A total of 668 partial colectomies for cancer were performed; 241 were stage III and above and deemed appropriate for chemotherapy. Eighty-five patients did not receive chemotherapy (patient's wishes, age/comorbidities or lost to follow-up). Of the 156 patients who received chemotherapy, 57 underwent MIS and 99 had open colectomy. Average time to chemotherapy after MIS colectomy was 42.9 versus 60.3 days for open surgery (p < 0.001). In the open group, 52 (53 %) people had postoperative complications and readmissions versus 24 (39 %) in the MIS group. Postoperative complications increased the time to chemotherapy for all patients. However, among patients with complications, patients in the MIS group were still able to start chemotherapy earlier (p < 0.05) than open colectomy patients. Multivariate analysis revealed the MIS approach as the only factor lowering time between surgery and chemotherapy.

CONCLUSIONS

Laparoscopic colectomy decreases the time interval from surgery to the start of chemotherapy compared with open colectomy. Postoperative complications increase the time to chemotherapy for both open and MIS surgery.

摘要

背景

微创结肠手术(MIS)已被证明可将疼痛降至最低并缩短总体恢复时间。尚无研究显示其具有明确的肿瘤学益处。一些文献表明,对于晚期结肠癌患者,化疗给药时间对于改善预后可能很重要。本研究的目的是评估微创手术对化疗给药时间的影响。

方法

这是一项对2004年至2013年间在一家三级医疗机构接受结肠癌手术的所有患者的回顾性研究。

结果

共进行了668例癌症部分结肠切除术;其中241例为III期及以上,被认为适合化疗。
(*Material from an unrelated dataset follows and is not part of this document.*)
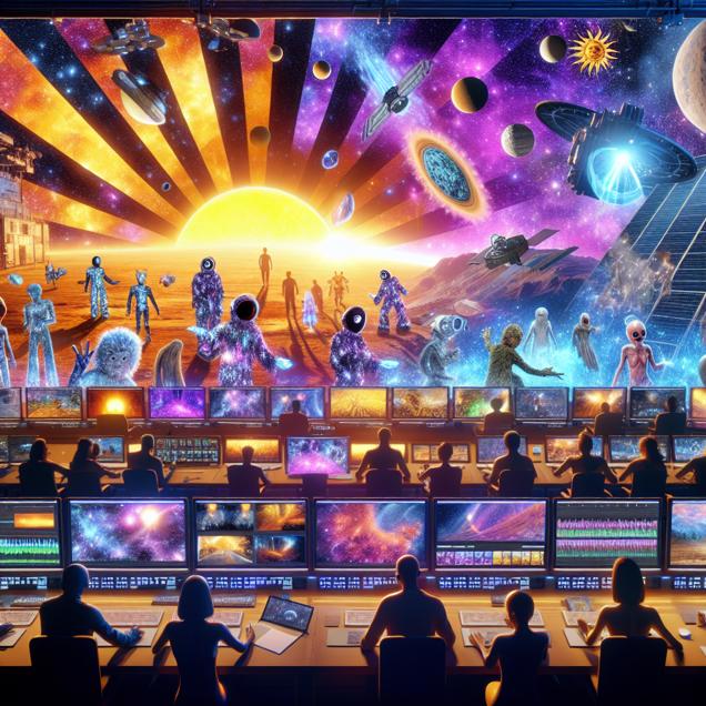 Prompt: [An image that looks like it is a scene from 'Star Wars'] Prompt: In a bustling film studio on an intergalactic planet, a group of alien film and video editors gather around their holographic workstations, busily editing scenes filled with vibrant sunshine and radiant landscapes from various planets. Their editing screens glow with the warmth of golden sunsets, clear blue skies, and otherworldly sunrises. As they meticulously perfect each frame, the positive energy emanating from the sunny scenes seems to surge into the cosmos. Meanwhile, across the galaxy on a distant planet, the solar power stations and energy harvesting arrays begin to hum with newfound energy. The solar power generated increases visibly, brighter and more abundant than before, as the filmmakers' sunny disposition seems to have transcended planetary boundaries, infusing the entire galaxy with the positive energy and clean power that their edited scenes depict. The depiction should include only scenes, people, and objects, it should not include text or speech bubbles.

85例患者未接受化疗(患者意愿、年龄/合并症或失访)。在156例接受化疗的患者中,57例行MIS手术,99例行开放结肠切除术。MIS结肠切除术后平均化疗时间为42.9天,而开放手术为60.3天(p<0.001)。在开放手术组中,52例(53%)患者有术后并发症及再次入院,而MIS组为24例(39%)。术后并发症延长了所有患者的化疗时间。然而,在有并发症的患者中,MIS组患者仍比开放结肠切除术患者更早开始化疗(p<0.05)。多因素分析显示,MIS手术方式是缩短手术与化疗间隔时间的唯一因素。

结论

与开放结肠切除术相比,腹腔镜结肠切除术可缩短从手术到开始化疗的时间间隔。术后并发症会延长开放手术和MIS手术患者的化疗时间。